When former San Clarita congresswoman Katie Hill resigned her seat last October amid accusations of an affair with a congressional staffer and nude photos of her appearing on a conservative website without her consent, she vowed that she would never stop fighting to empower young women, declaring, “We will not stand down. We will not be broken. We will not be silenced. We will rise, and we will make tomorrow better than today.”
Now, Hill is putting her words into action by launching an organization dedicated to getting young women, and young people in general, into the halls of political power. The group, called Her Time, released its mission statement Thursday, pledging to “support women and young people—often the long-shot candidates who have the vision and drive needed to make lasting systemic change—who don’t yet have the resources that come with being a proven or established politician,” the Hill reports.
🎉We are officially launching HER Time! 🎉@KatieHill4CA started this organization with the mission to elect women and young people. It is time to break through those final glass ceilings, one crack at a time.
Head to https://t.co/EoPpmgbabw and sign up for updates! pic.twitter.com/3d2Wi8y5dQ
— HER Time (@hertime2020) February 20, 2020
Thirty-two-year-old Hill, the first-ever openly bisexual member of the House, came from nowhere to wrest California’s 25th Congressional District from Republican hands for the first time in two decades in 2018. She says she founded Her Time to “mobilize and support a generation of young women and allies to help them break through those final glass ceilings, one crack at a time—so we can once and for all claim our own power by voting, getting involved in politics, and running for office.”
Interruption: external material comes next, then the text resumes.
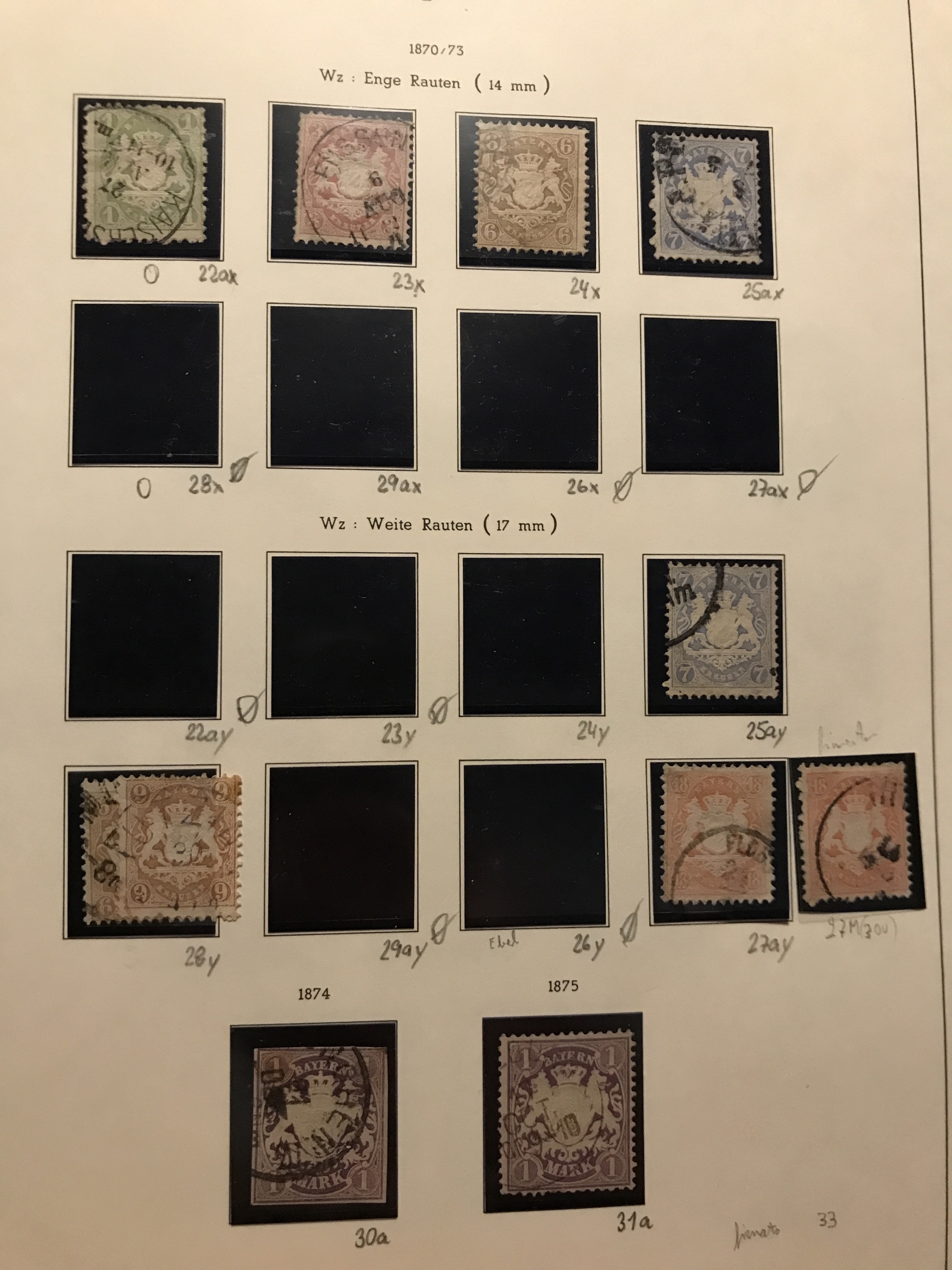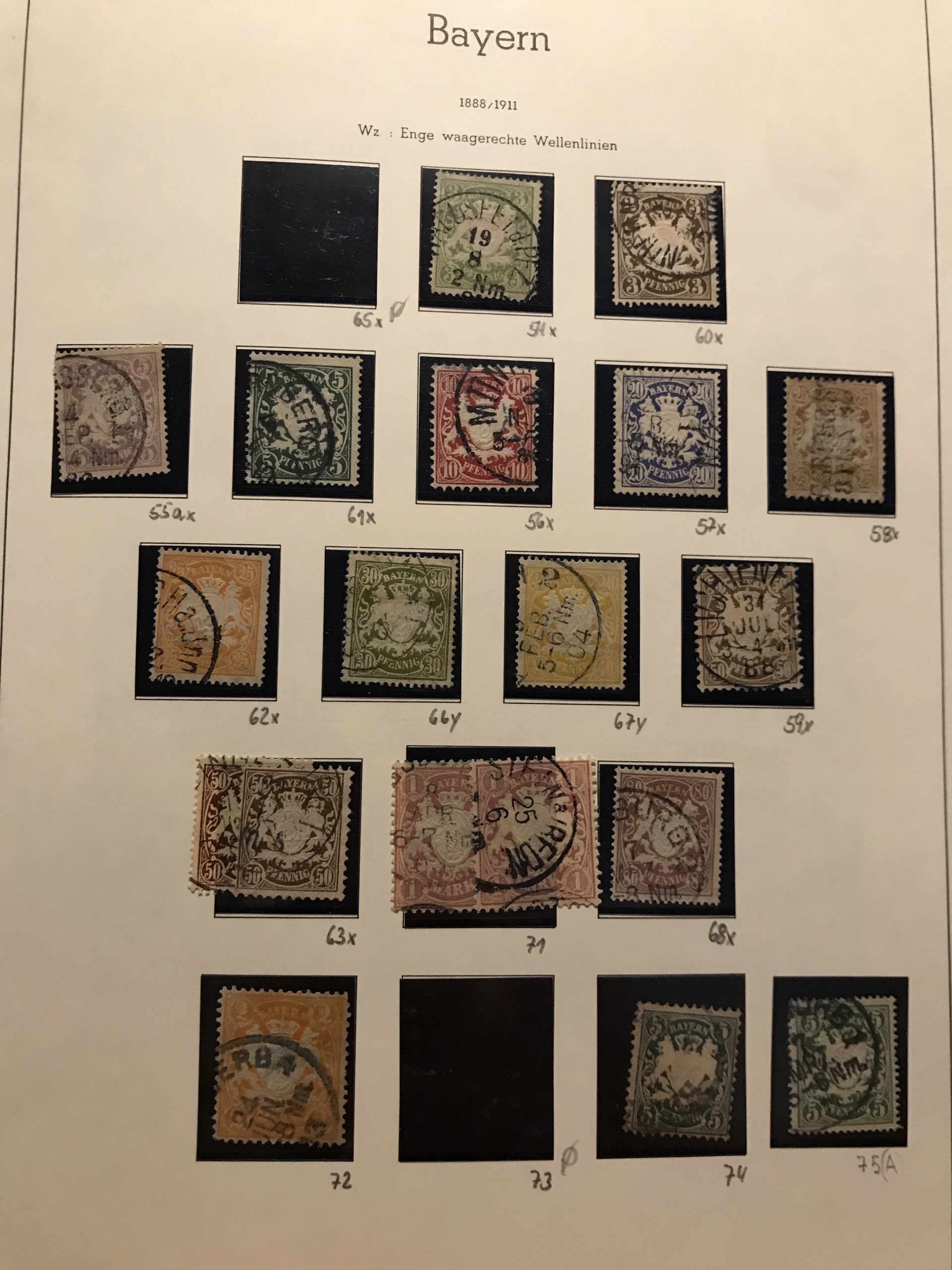 Germany, Bavaria. ★★/★/⊙. Collection 1849–1920 in Leuchtturm album. Mostly used but also often **/* parallell. Please see a selection of scans at www.philea.se. (>500)
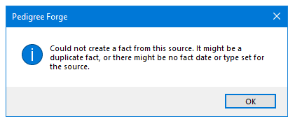 Sometimes, the creating a source from a fact will fail, and you will get an error message such as this:

In her resignation speech, Hill excoriated Congress’ “double standard” because many male members maintain their status despite being accused of sexual misconduct.
“What happened to me was horrific, and it was a harsh reminder of how women in power and politics still have so far to go and so much to overcome,” she writes. “Her Time’s work—my work—is to ensure that my experience never deters other young women from running for office and getting engaged, and instead does the opposite.”
On March 3, voters in CA-25 will pick a candidate to complete Hill’s two-year term.